GOAL OF THE EXERCISE: Go to the line with "2024年1-5月我国进出口" in the entries below and write out every line from there through the line with "This inflatable cow", exactly and without pictures.

==*==

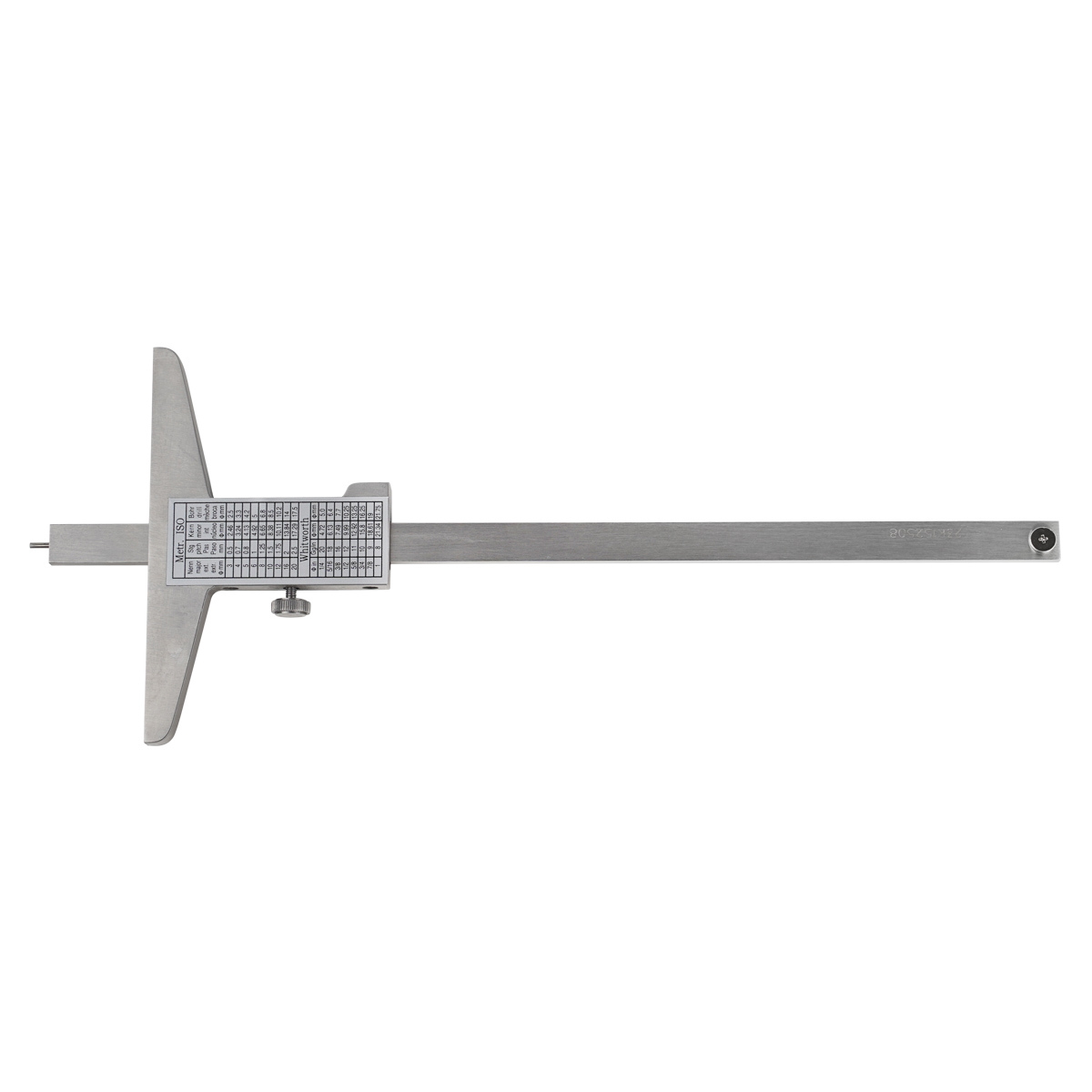 Штангенглубиномер имеет название SCGM-150. При этом аббревиатура расшифровывается так: SC — штангенциркуль, G — глубиномер, M — механическое исполнение, а число 150 указывает на максимально допустимую величину измерения в миллиметрах.
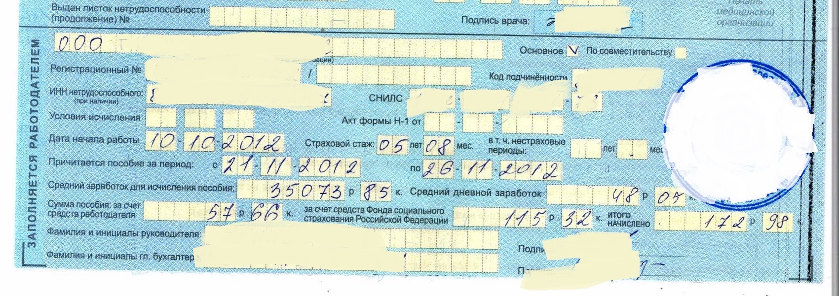 Добрый день. Решила проверить больничные листы которые были заполнены до меня. В итоге обнаружила ошибку. Сотрудница устроилась на работу в октябре 2012 года, до работала в другой организации и была в отпуске по уходу за ребенком, уволилась с прежнего места работы в сентябре 2012г. В ноябре 2012 года идет на больничный, с прежнего места работы у нее справки нет, только 2-НДФЛ за 2010 год 35073,85 р. И больничный посчитан именно из этого заработка. Как быть в этой ситуации? Правильно посчитать пособие, в данном случае, исходя из МРОТ за 2010 и 2011 год. Там еще Страховой стаж неправильно посчитан. Корешок заполнен не черной гелевой ручкой, а синей шариковой. Скан корешка б/л который заполняет организация прикрепляю.
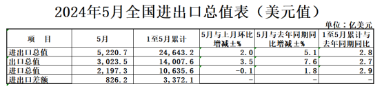 2024年1-5月我国进出口总额24643亿美元,同比增长2.8%。其中,出口同比增长2.7%,进口同比增长2.9%
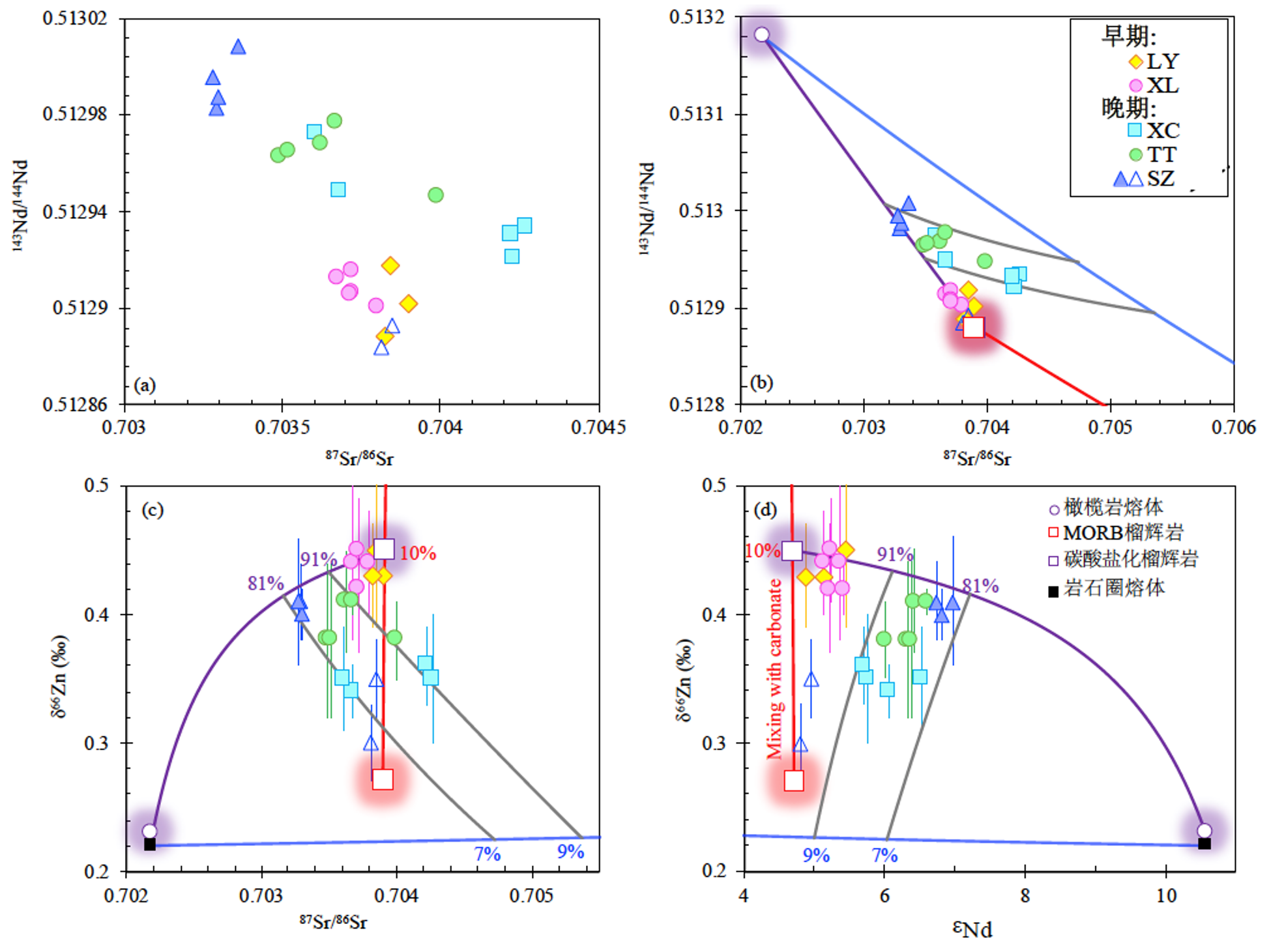 图1 浙江新生代高Mg玄武岩的Zn-Sr-Nd同位素组成。红线表示MORB榴辉岩与碳酸盐组分混合形成碳酸盐化榴辉岩。紫线是亏损地幔橄榄岩熔体与碳酸盐化榴辉岩组分的混合曲线。蓝线是岩石圈熔体与全球俯冲沉积物组分的混合曲线。灰线表示软流圈组分与经历过俯冲改造的岩石圈组分之间的混合(据Xu et al., 2022修改)。
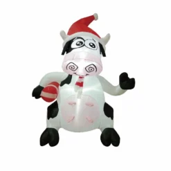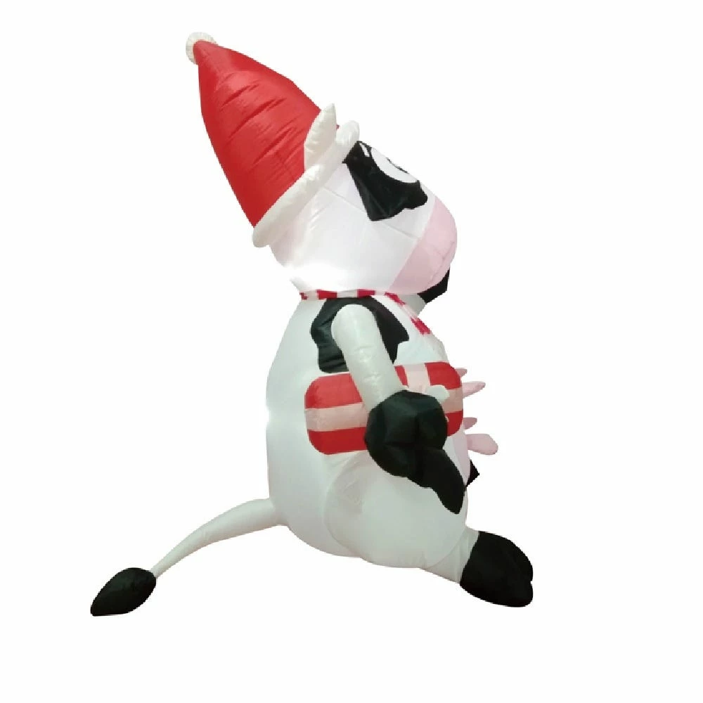 This inflatable cow is made of durable, weather-resistant polyester cloth. Decorate your home for Christmas with this adorable animal inflatable. It looks great day and night. Features a sitting Pig is wearing a Santa hat with a stripe scarf. It is internally led lighted for night time display. comes with metal stakes and tehter ropes to secure the item.
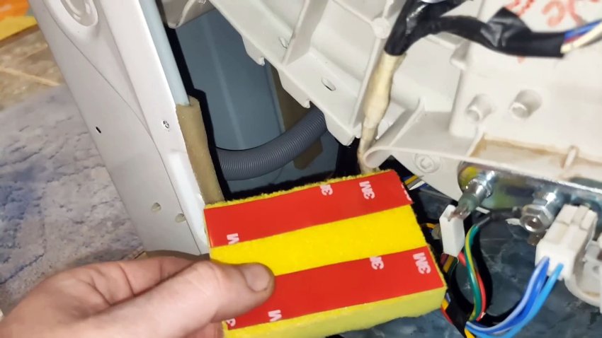 Возьмите губку и отрежьте кусочек такого размера, чтобы он закрыл место, где шланг бьётся о корпус (обычно это угол корпуса). Приклейте двухсторонний скотч к одной стороне губки.
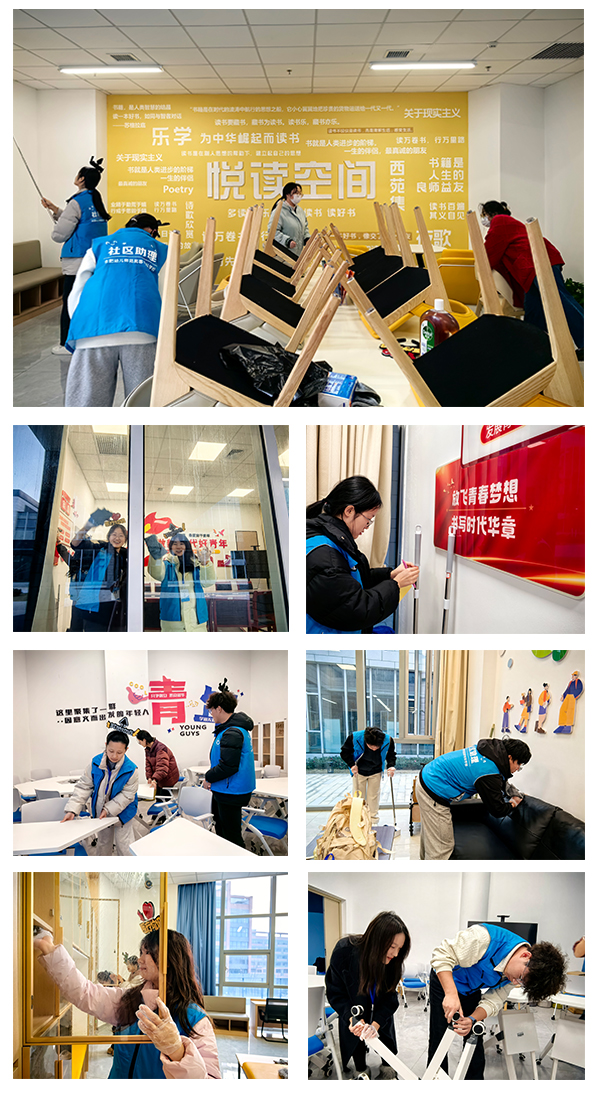 活动伊始,同学们组成“劳动小分队”,领取任务卡与清洁工具后,分组前往社区各功能室、服务大厅、公共走廊等区域,开展全方位清扫整理。大家各司其职、配合默契,有人细致擦拭桌椅窗台,不放过任何角落;有人反复拖洗地面,让瓷砖光洁如新;有人整理宣传资料,归类收纳整齐;还有人清理卫生死角,扫除蛛网杂物。一扫一擦之间,社区环境焕然一新,劳动教育的价值在点滴汗水中得以滋养与彰显。

==*==

TASK SOLUTION:
 2024年1-5月我国进出口总额24643亿美元,同比增长2.8%。其中,出口同比增长2.7%,进口同比增长2.9%
 图1 浙江新生代高Mg玄武岩的Zn-Sr-Nd同位素组成。红线表示MORB榴辉岩与碳酸盐组分混合形成碳酸盐化榴辉岩。紫线是亏损地幔橄榄岩熔体与碳酸盐化榴辉岩组分的混合曲线。蓝线是岩石圈熔体与全球俯冲沉积物组分的混合曲线。灰线表示软流圈组分与经历过俯冲改造的岩石圈组分之间的混合(据Xu et al., 2022修改)。
 This inflatable cow is made of durable, weather-resistant polyester cloth. Decorate your home for Christmas with this adorable animal inflatable. It looks great day and night. Features a sitting Pig is wearing a Santa hat with a stripe scarf. It is internally led lighted for night time display. comes with metal stakes and tehter ropes to secure the item.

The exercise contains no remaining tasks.